3 Replies Latest reply on May 10, 2019 8:53 AM by aNinjaneer

    Witness appliance PSOD on heavy writes

    aNinjaneer Novice

      I have a two-node vSAN 6.7U2 cluster I setup with a witness appliance running on a separate vSAN cluster that I'm doing some testing on, using HCIBench to generate load. Every time I run a 100% write workload, I get a PSOD on the witness appliance, and it kills the capacity drive on the appliance. It's 100% repeatable. Has anyone else seen this, or know how to tune/fix it? This is a fairly high performance configuration, hitting about 15-20K write IOPS per node, so perhaps the writes are somehow overpowering the storage layer, causing the failure. This is my first time doing performance testing with the witness appliance, so any insight would be helpful. I've run numerous other tests on 4-node clusters without the appliance and have never had an issue like this.

        • 1. Re: Witness appliance PSOD on heavy writes
          Jasemccarty Champion
          vExpertVMware Employees

          aNinjaneer


          Interesting, as writes don't go to the vSAN Witness Host. Only changes to metadata. Powering on VM's, powering them off, taking snapshots, etc.

           

          Have you reached out to GSS to open a ticket?

           

          I'd like to know more. Curious what type of hardware your vSAN Witness Appliance is running on.

           

          Also, can you send me a private message with your email?

           

          Thanks,

          Jase

          • 2. Re: Witness appliance PSOD on heavy writes
            gerrywei4455 Novice

            just wanna make sure there's no VMs deployed on the witness right?

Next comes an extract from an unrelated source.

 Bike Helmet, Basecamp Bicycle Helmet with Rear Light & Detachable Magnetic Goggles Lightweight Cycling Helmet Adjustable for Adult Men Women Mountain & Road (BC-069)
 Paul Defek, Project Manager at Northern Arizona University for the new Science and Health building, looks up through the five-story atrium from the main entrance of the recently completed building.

I mean, in that 2-node cluster, you only have two physical hosts and the witness is not in the cluster?

            how many vms you deployed? whats the data disk number/size? whats the workload look like?

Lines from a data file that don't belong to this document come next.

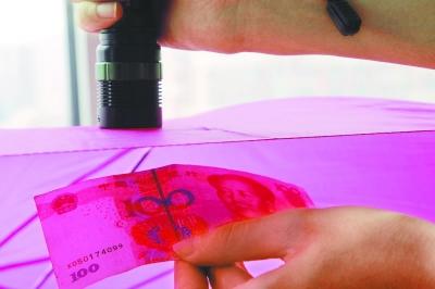 まず、紫外線照射燈で100元札を照らすと、緑色の蛍光塗料で書かれた「100」の字がはっきり見える。次に、普通の雨傘を用意し、雨傘の下に100元札を置き、雨傘を隔てて紫外線照射燈で100元札を照らした場合も、やはり「100」の字ははっきり見えた。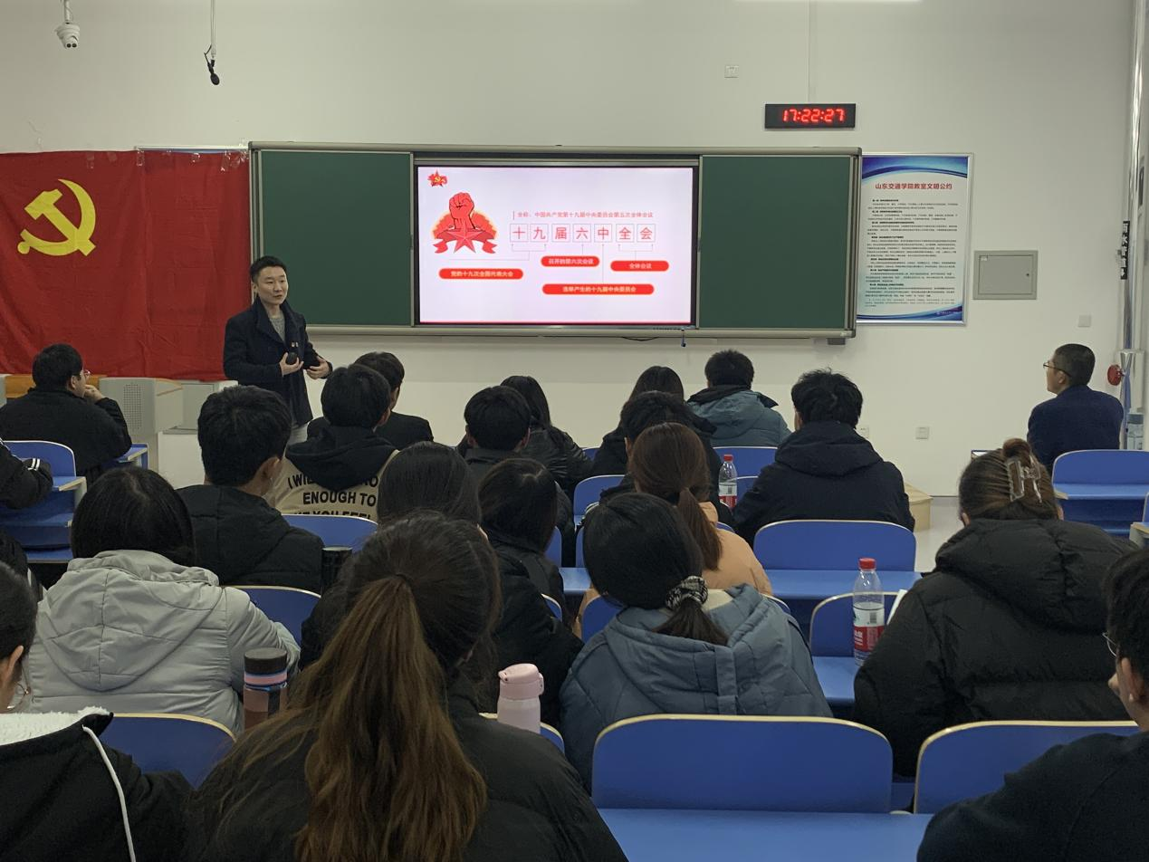 12月9日,学院党委副书记宁兴旺在机电楼A316开展“党的十九届六中全会精神 ”主题宣讲,学生第二支部全体党员参加。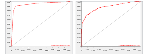 Overall, the Decision Tree Model 4 performed the best on the test data in both evaluation methods 0.91 Cohens Kappa compared to the Naïve Bayes model only achieving 0.71. Also, the decision tree model had highest accuracy of 0.82 whereas the Naïve Bayes model only had 0.59. With accuracy being an intuitive way of measuring performance of a classification model (Banihashemi, Ding, & Wang, 2017) it can be concluded that the decision tree is the more appropriate model. This may be because the assumption of independence with the naïve bayes model may not have been achieved with the correlation filter node of 0.8 however as (Ashari, Paryudi, & Tjoa, 2013) state the naïve bayes algorithm can/should preform without this independence. The ROC curves below show the two respective models performance in terms of AUC where a value of 0 shows a perfectly inaccurate test and a value of 1 reflects a perfectly accurate test (Mandrekar, 2010). Shown below in the ROC curves there is a 93.39% chance that the Decision tree model will accurately classify a customer. Whereas with the naïve bayes model there is only an 87.35% chance of an accurate classification.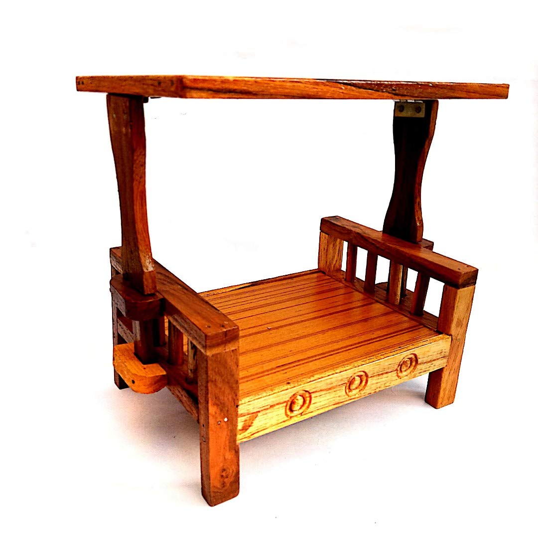 krishnagallery Laddu Gopal Wooden Bed with Mosquito Net, Brown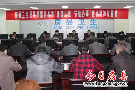 今日房縣網訊 記者劉臣 實習生歐陽正宵 通訊員劉勇 報道:1日,縣衛生局召開全系統專題會議,學習和貫徹中央“八項規定”、省衛生廳貫徹落實“厲行節約,反對鋪張浪費”、縣委“五項規定”等會議精神,并對節前各項工作進行了安排部署。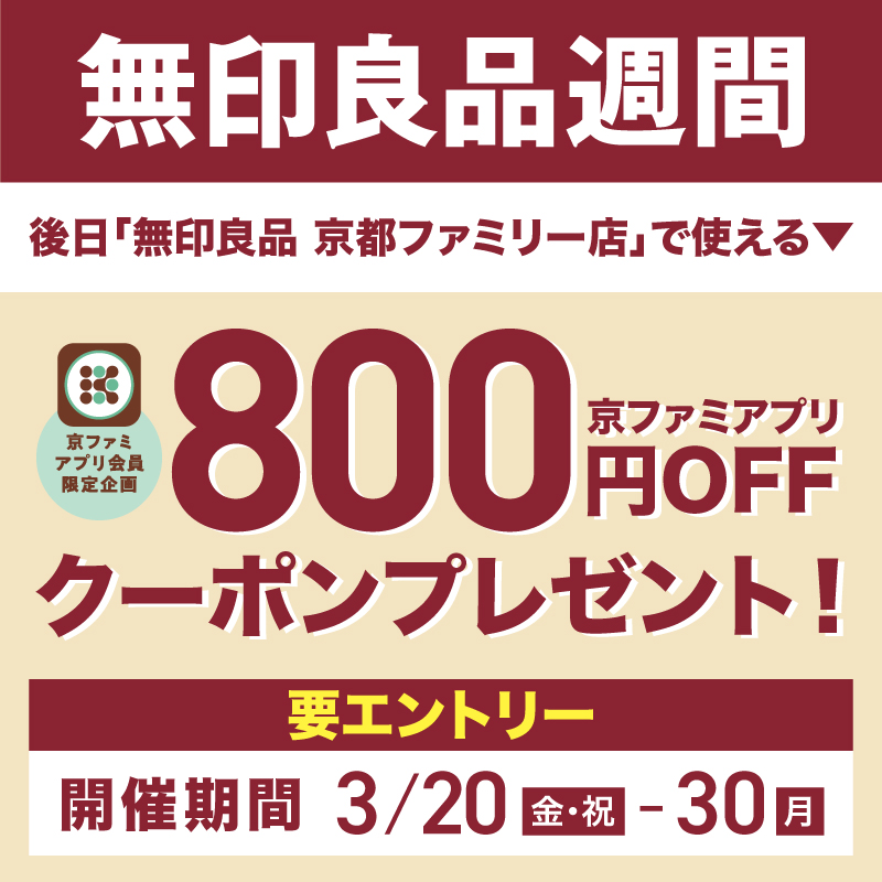 「無印良品週間」期間中、「無印良品 京都ファミリー店」で合計8,000円(税込・合算可)以上お買い上げ&京ファミアプリにてエントリーいただいた方の中から抽選で500名様に後日「無印良品 京都ファミリー店」で使える京ファミアプリ800円OFFクーポンをプレゼント!

            • 3. Re: Witness appliance PSOD on heavy writes
              aNinjaneer Novice

              I deleted all disk groups and recreated them, and I haven't seen the same failure since. However, now I have a new issue, which is one that I've seen in previous testing. I'm unable to create more than three disk groups. When I create a fourth disk group, the disk group shows no disk format version and I get an Operation Health warning for that disk group. I have tested with numerous different drives, both NVMe and SATA, and it always does the same thing. I will create a separate discussion for that matter.